- _What you need to do_: Retype every line from the start of the data down to and including the line with "- 원인균: 수두-대상포진 바이러스(VZV)". Skip the pictures.

- _Data below_:
►

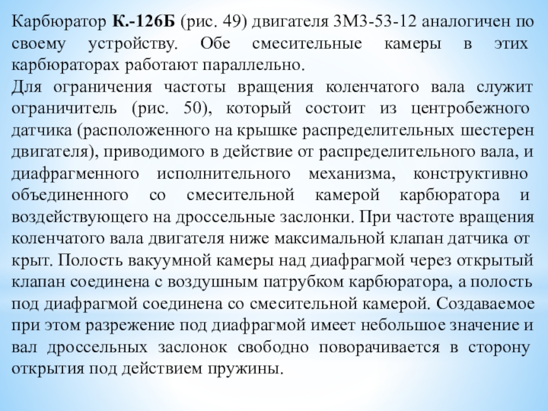 Слайд 53Карбюратор К.-126Б (рис. 49) двигателя 3M3-53-12 аналогичен по своему устройству. Обе
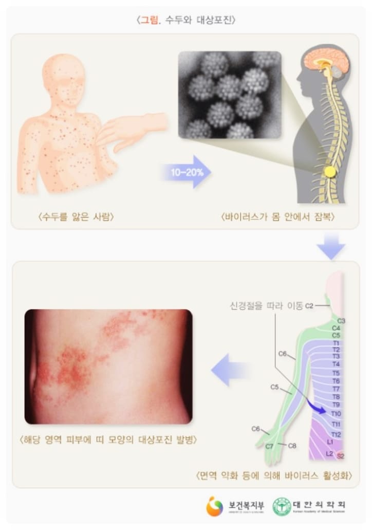 - 원인균: 수두-대상포진 바이러스(VZV)
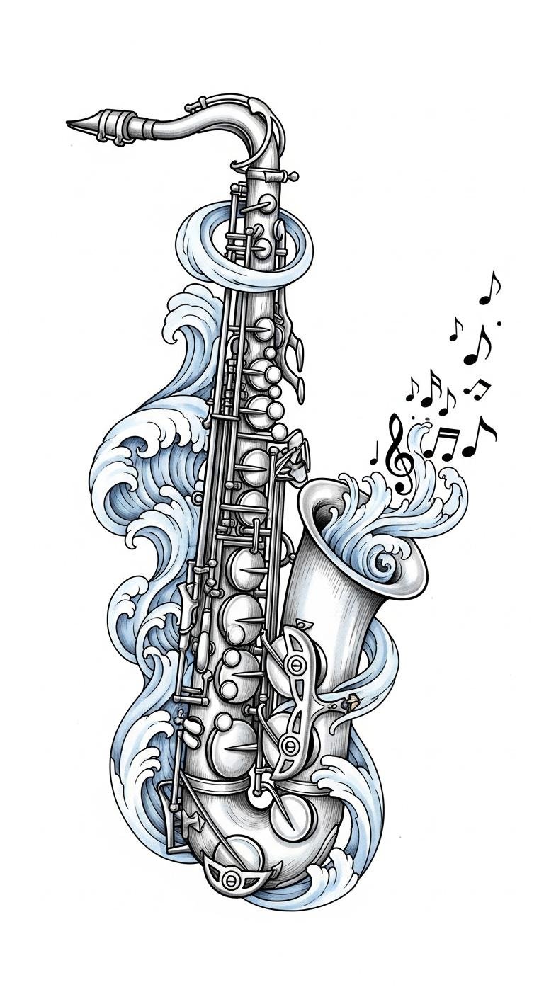 This combination beautifully encapsulates saxophone symbolism and the treble clef significance, representing creativity and the rhythm of life.

◄

- _Task answer_:
 Слайд 53Карбюратор К.-126Б (рис. 49) двигателя 3M3-53-12 аналогичен по своему устройству. Обе
 - 원인균: 수두-대상포진 바이러스(VZV)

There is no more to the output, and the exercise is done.